I noticed that in a Sentinel-1D image (2026-05-30), some corner reflectors I am monitoring were no longer visible. The strange thing is that the same CRs were clearly visible in the previous Sentinel-1C acquisition (2026-05-29) and in the following Sentinel-1A acquisition (2026-06-04), as well as in the rest of the time series, including previous Sentinel-1D acquisitions. I cannot check the next Sentinel-1D image because it has not been acquired yet. Of course, all images have the same acquisition geometry (i.e., same relative orbit number), and I’m looking at VV backscater coefficient only.
Nothing happened to the corner reflectors based on field inspections, and there were no changes in temperature, weather, or terrain between May 29 and May 30 at 05:30 AM (acquisition time of the S1C and S1D passes).
To investigate further, I created a color composite between the two acquisitions (S1C pre-event and S1D post-event), assigning S1C to the red and blue channels and S1D to the green channel. Given the short time interval (1 day) and the similar weather and surface conditions, the result should appear mostly gray, indicating minimal backscatter change. Instead, the image shows strong green and purple patterns, indicating significant increases and decreases in backscatter.

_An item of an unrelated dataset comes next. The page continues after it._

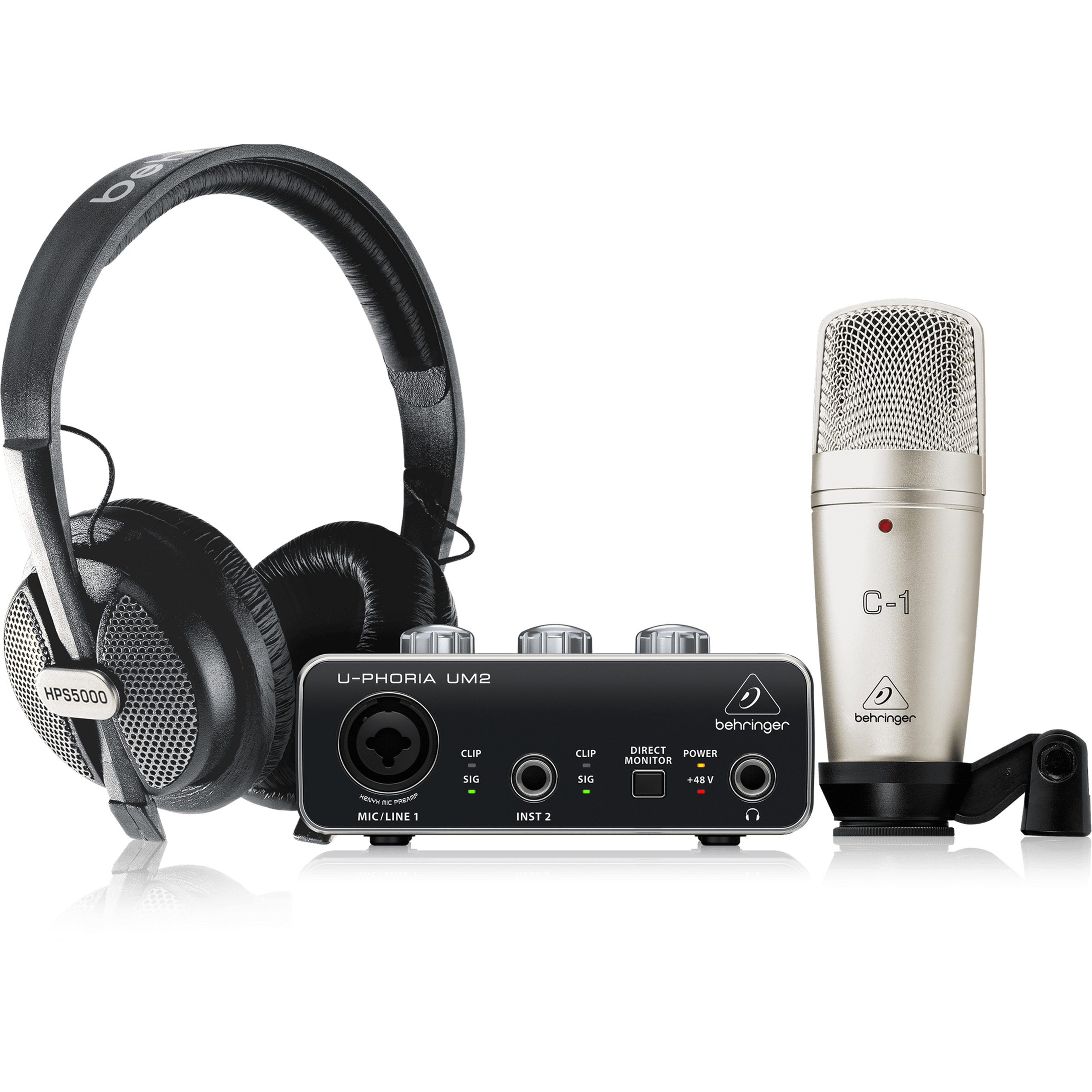• Get a full recording studio “out of the box” including U-PHORIA UM2 USB audio interface, C-1 condenser microphone, HPS5000 studio headphones and more
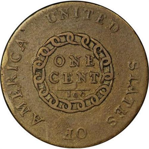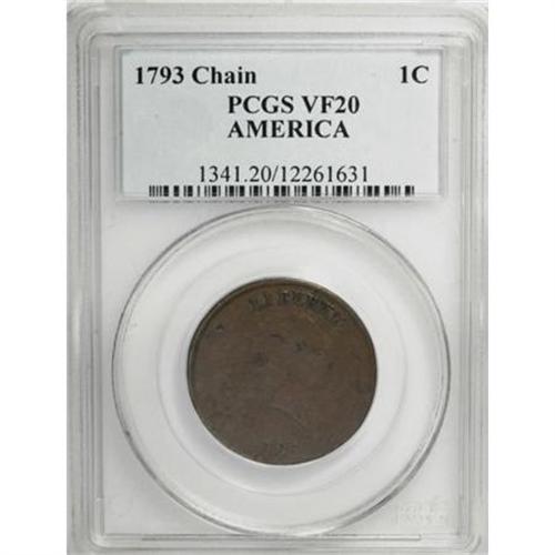 <B>1793 Chain 1C Periods VF20 PCGS.</B></I> S-4, B-5, High R.3. Breen Die State III. For certain early copper issues, especially Chain cents, the grading services tend to forgive surface problems such as corrosion, planchet flaws and porosity. This is understandable considering that most of these early coppers were struck on already-doomed planchets or succumbed to the elements over the years. As a result, one certified VF20 could have far superior surface quality and subsequent eye appeal than the next VF20. In this regard, the example offered here is far above average. The planchet is amazingly smooth for the issue and the surface coloration is a consistent, light milk-chocolate throughout. Three small obverse ticks, although not distracting, are identified here for the sake of full disclosure.<BR> This is S-4, also known as the With Periods variety, due to the presence of a period after LIBERTY and also the date. In the case of this coin, only the period after the legend is obvious. The localized weakness in the area to the right of the date is observed on many S-4 Chain cents and is the direct result of a slight die misalignment; the obverse rim is usually bold from 7 o'clock to 2 o'clock, yet comparatively weak in the lower right quadrant. The reverse legend is complete, with the central detail being bold as usual. Although not the scarcest of the four collectible 1793 Chain cent varieties, S-4 is seen about half as often as its S-3 counterpart. A pleasing, mid-grade piece that would be a welcomed addition to any collection. Population: 18 in 20, 92 finer (12/07). EAC 10.<BR><BR><B>Coin Engraver:</B> Henry Voigt<BR><BR><b>Shipping:</b> Coins & Currency (<a target="_blank" href="http://www.heritageauctions.com/common/shipping.php">view shipping information</a>)

The variations appear systematic and substantial, on the order of ~10 dB, which is unusually large even for rapidly changing snow or terrain conditions, especially over such a short time period and at the same acquisition time. (I work on SAR remote sensing of snow and avalanches)
In the image, you can clearly see a strong backscatter decrease at the corner reflector locations (purple dots), as well as along the main ridge of the mountain.
At the moment, I cannot explain this behavior, but I believe it is important to understand it further. Does anyone noticed something similar or knows something about this? Am I missing something?
Here the parameters to reproduce what I’m observing:
AOI: {“type”:“Polygon”,“coordinates”:[[[10.144501,46.49981],[10.144501,46.549889],[10.180206,46.549889],[10.180206,46.49981],[10.144501,46.49981]]]}
The relative orbit number is 168.
Dates ranges: 20260528 - 20260605 (S1C - S1D - S1A)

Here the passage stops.